● Instructions to follow
Exactly as written, copy every line from the one containing "Карта памяти SDXC" through the end of the records, with the pictures left out.
START Extracted records
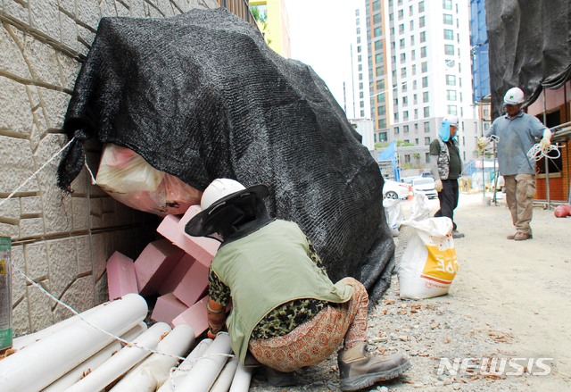 "태풍에 날아갈라" 폐자재 덮는 건설현장
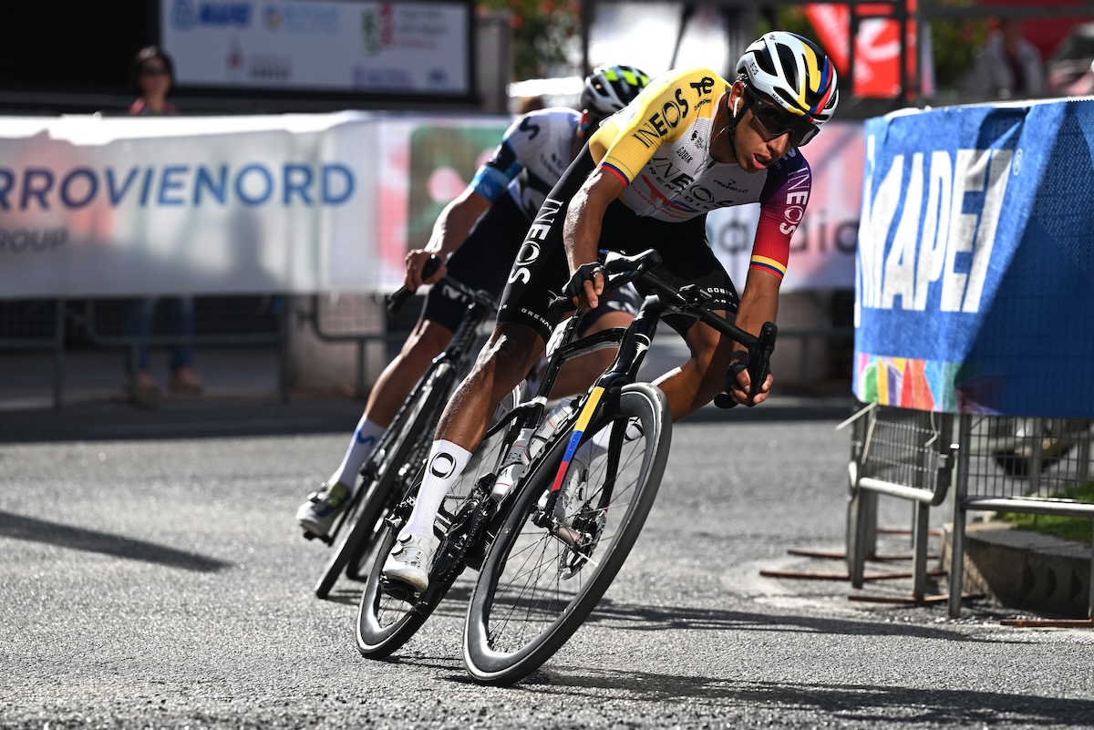 この日は序盤に5名の逃げが決まり、後半戦に入るとその中から唯一生き残ったロレンツォ・ミレージ(イタリア、モビスター)にエガン・ベルナル(コロンビア、イネオス・グレナディアーズ)が追いついて2人逃げに。ラスト50kmを切った登坂区間でミレージを千切った元ツール・ド・フランス覇者が単独逃げに持ち込んだ。
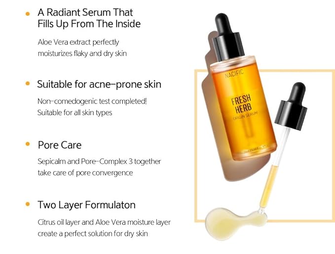 - Hydrating Anti-Aging Serum: Experience the benefits of our Fresh Herb Origin Serum (Anti-aging) 50ml. Crafted with Aloe Vera Leaves and Botanical Oil, it provides a moisture coating for a radiant finish. Patented Sepicalm, derived from lotus flower extract, offers anti-aging effects, boosts skin moisture by 1.5 times, and aids in pore refinement with the pore complex-3
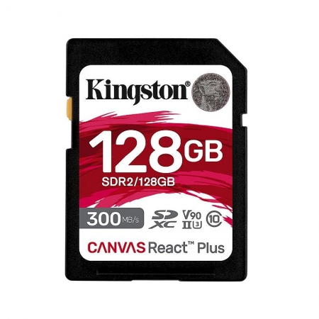 Карта памяти SDXC 128Gb Kingston Canvas React Plus UHS-II U3 V90, 300 Мб/c (SDR2/128GB)
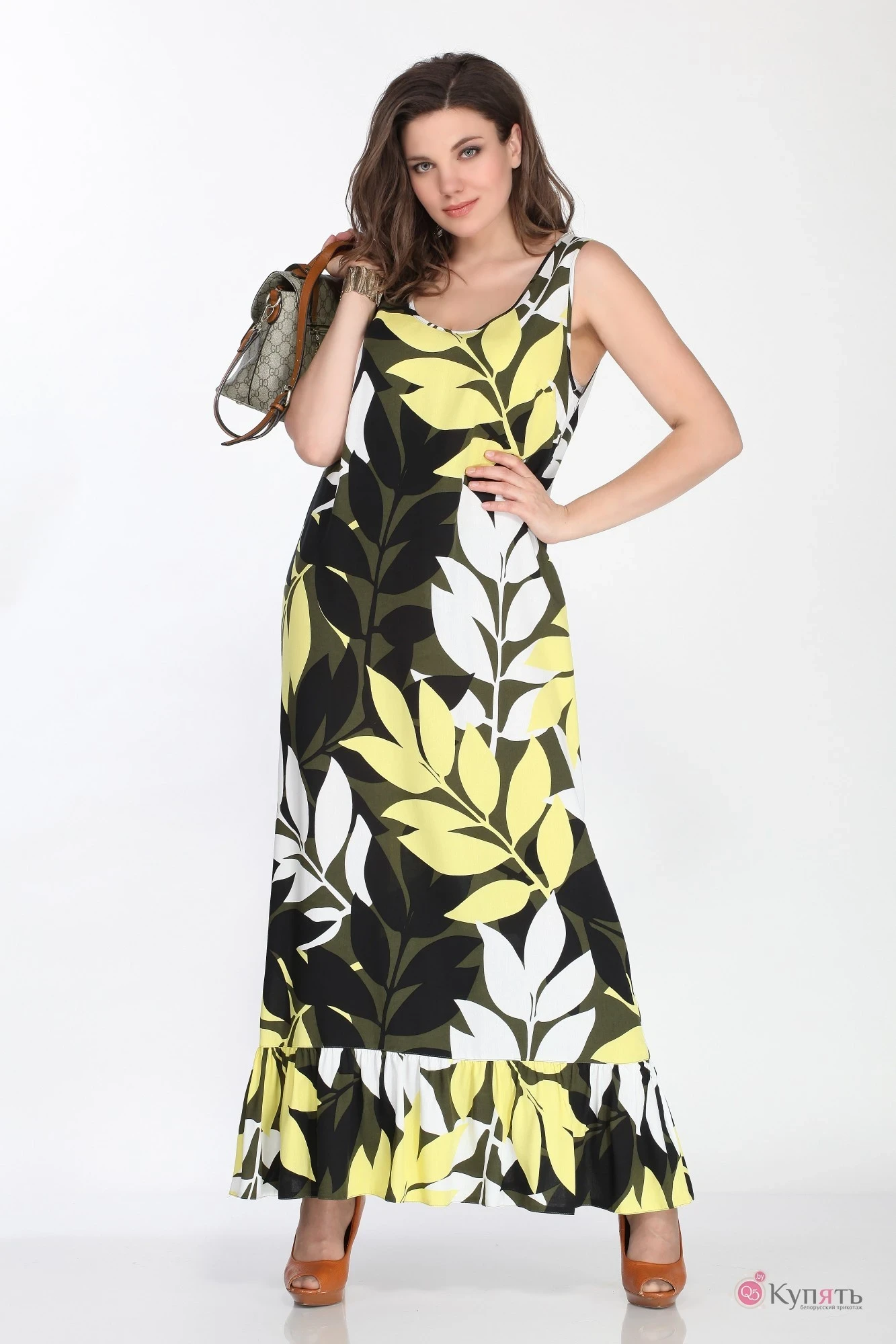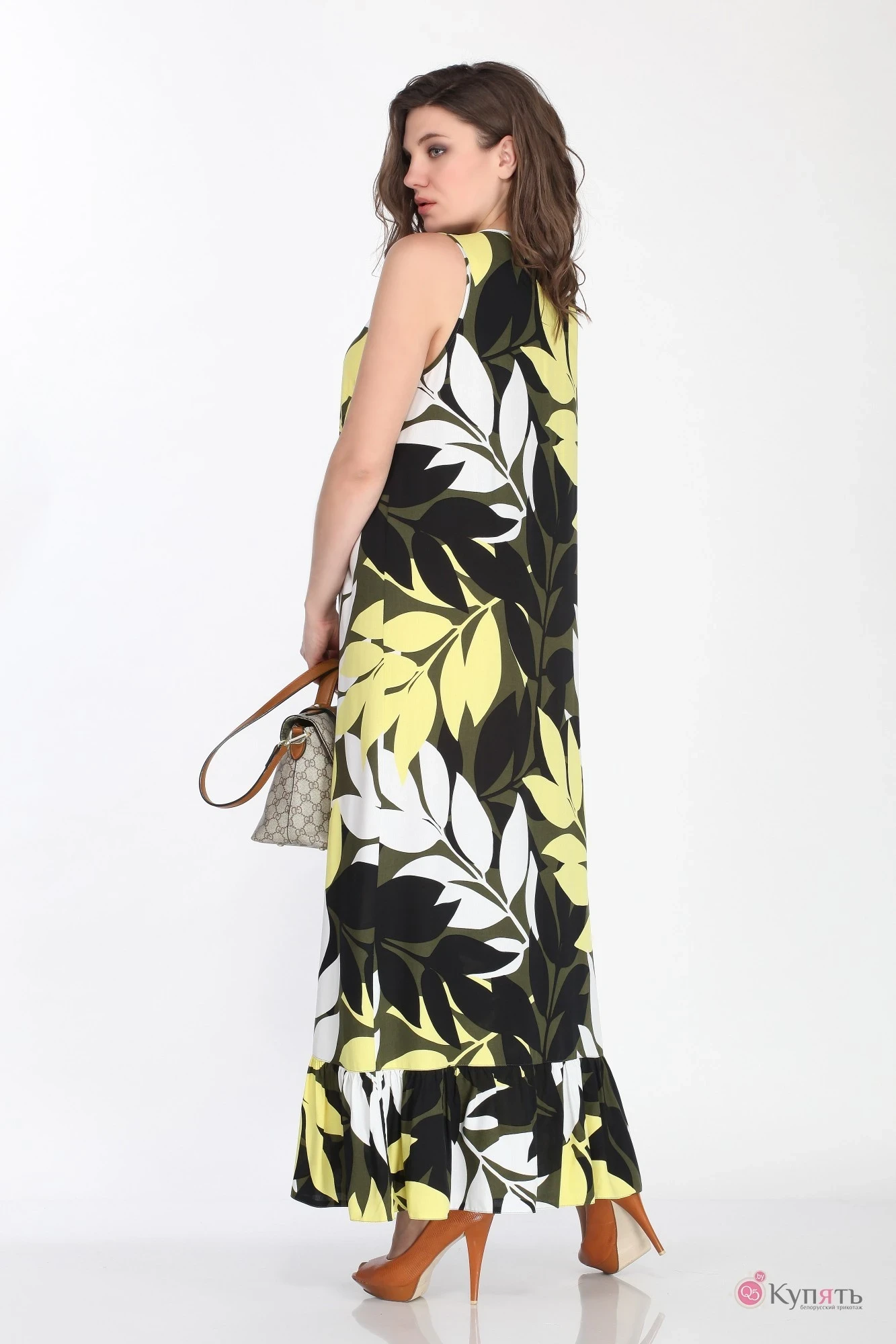 Легкое летнее платье А-образного силуэта без рукава, выполнено из текстильной ткани, вырез горловины округлой формы. По низу валан со сборкой. Длина по спинке 140 см.
END Extracted records
● Exercise output
 Карта памяти SDXC 128Gb Kingston Canvas React Plus UHS-II U3 V90, 300 Мб/c (SDR2/128GB)
 Легкое летнее платье А-образного силуэта без рукава, выполнено из текстильной ткани, вырез горловины округлой формы. По низу валан со сборкой. Длина по спинке 140 см.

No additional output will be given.